Being a skinny kid
My grand nephew stood on the scales this afternoon, “I am four stone,” he declared.
Actually, he was four stone twelve pounds, twenty per cent more than the weight he claimed, but at eleven years old he is as slight as was his grand uncle when he was his nephew’s age.
Asthmatic and frail after suffering measles at the age of five, there were frequent occurrences of standing on scales. They were times when nurses, armed with scales and wooden measures, would carry out annual visits to primary schools to check on the health of the pupils, and when a visit to the doctor might mean a suggestion that my being weighed might provide him with useful information.
The best efforts of the local doctors were to be of little avail, and just after my fourteenth birthday I was sent to a special school for sick and delicate boys. Deep inside Dartmoor National Park, the school was three miles from the nearest village. The school’s answer to being a frail and skinny kid with poor health was exercise: exercise, exercise and more exercise. There were exercises outside every morning, cross country runs, organized hikes on the moor, and the encouragement to play football or to do something active during every spare moment.

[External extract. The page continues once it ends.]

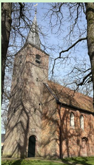
Foto: St. Hinsz-orgel te Roden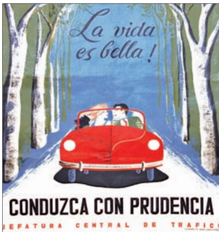
Cartel de la Jefatura de Tráfico del año 1961

En 2010 se registraron 7.954 heridos graves en accidentes de tráfico (aquellos que están más de 24 horas hospitalizados, muchos de los cuales son dados de alta sin mayores consecuencias pero muchos otros sufren secuelas permanentes). Son 1.021 menos que en 2009 (8.975) y 10.990 menos que en 2001, cuando se alcanzó la cifra de 18.994 heridos graves. Así pues, el descenso acumulado desde

At the end of my second term at the school, I had just reached five feet tall and my weight was one pound short of seven stone. At a recent attendance at the asthma clinic at our local surgery, I measured “five foot seven and a bit,” the measurements were only expressed in centimetres and the nurse tried to convert it back into a height I understood. However, touching twelve stone, I was not as skinny as I had once been.
Sometimes, it seems that stature can shape character. Of course, there are many determinants and being a short and skinny kid is never a bar to being whomsoever you might wish to be, but it always seemed that being tall and well-built was a much better foundation for self confidence and assertiveness. Lest anyone doubt such a thought, watch the demeanour of the members of a school’s first fifteen rugby team and compare it with that of those who would never be considered for membership of any sports team.
Perhaps it’s about one’s perception of oneself, the grand nephew is a lively, outgoing and imaginative character. In his mind, I hope there is nothing that he cannot be.
Are you sure the running order and timetables weren’t switched someplace and you lot got what was intended for a the marine prep for the commando course.